Washington legislators will have to study every plausible solution as they tackle a $2.6 billion mid-biennium hole in the state’s general fund, especially considering they likely will face an even larger shortfall when they convene a year from now to craft the next biennial budget.
Before reaching for the tax-increase lever to solve the problem, however, we think it would be instructive for them to recall two of the key causes of this budget mess: unsustainable spending and a recession punctuated by joblessness.
Let’s address jobs first.
Last week, the Employment Security Department reported that the state had lost about 106,000 jobs last year, and that the unemployment rate in December stood at a distressing 9.5 percent. Businesses, struggling to meet their own budget crises, continue to cut jobs. Some are simply closing their doors.
Adding to their nightmare, the same state agency hiked the average unemployment insurance tax rate for 2010 by 54 percent, or 0.83 of a percentage point. What does that mean in real terms? For a business that employs 120 workers who are paid $36,000 a year each, that average hike is equivalent to one worker’s annual pay. That’s a job.
Meanwhile, the state Department of Labor and Industries has announced an average 7.6 percent jump in workers’ comp premiums, a hike the Washington Policy Center estimates will cost employers about $117 million this year. How many jobs might that amount to?
Whether those tax hikes are justified is a topic for another editorial. What’s important to understand now is that they’ll place a burden on employers at a time when they can least afford it, making any proposal now to raise business taxes even further a poorly reasoned budget fix. Even the most liberal of legislators must understand that the state’s dwindling revenues can’t rebound without private-sector job growth, and that hiking business taxes further will serve only to worsen the state’s budget problem in the long run.
An analysis by the Washington Research Council concluded that raising an extra $1 billion by hiking the state sales tax would result in a net loss of 3,100 jobs next year and far more later, even after counting whatever job creation occurs from spending the additional revenue. Getting an extra $1 billion out of the business-and-occupation tax, the think tank says, would cost the state a net 9,300 jobs.
No one knows how long it will take for the economy to improve, but we do know that it will require confidence on the part of businesses to begin hiring again. Now is not the time to dampen that confidence.
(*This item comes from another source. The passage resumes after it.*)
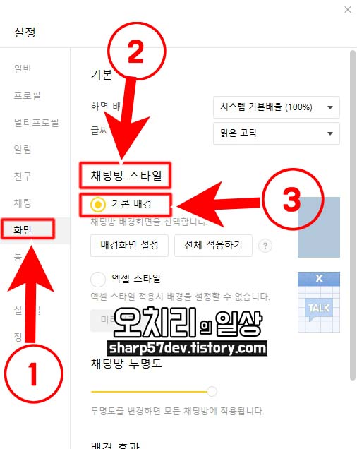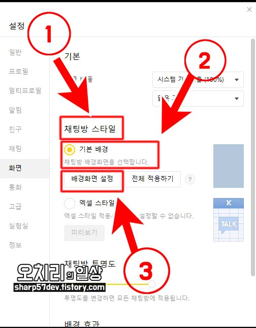 아까처럼.. 설정 > 화면 메뉴로 들어와서 ①[채팅방 스타일] 선택에서 ②[기본 배경]을 선택 클릭합니다. 그리고 ③[배경화면 설정] 버튼을 클릭합니다.

Overspending, of course, is the other way a budget can get out of whack, as the state’s general fund has.
While the recession had a huge impact on the current budget shortfall, so did legislative decisions that boosted state spending by more than 30 percent in four years. We’ve warned many times before in this space that a future “bow wave” of growing expenses eventually would leave the state in trouble, but surging revenues during a boom enabled legislators to ignore that risk. Now that the economy has dispelled the illusion that revenues will always grow to meet desired spending, it’s time for the Legislature to adjust spending to the new reality.
It’s also time to return to priority-based budgeting, eliminating or scaling back programs outside of the core responsibilities of a state. And it’s time to be realistic about what taxpayers can afford to pay state employees.
We understand that it will be difficult to solve a $2.6 billion shortfall with spending cuts alone, and that carefully crafted revenue enhancements might be necessary. But unless our legislators want to stock up on Maalox again for the next budget crisis, they’d better start now to cut spending to a sustainable level and to avoid tax hikes that will restrain the revenue they sorely need.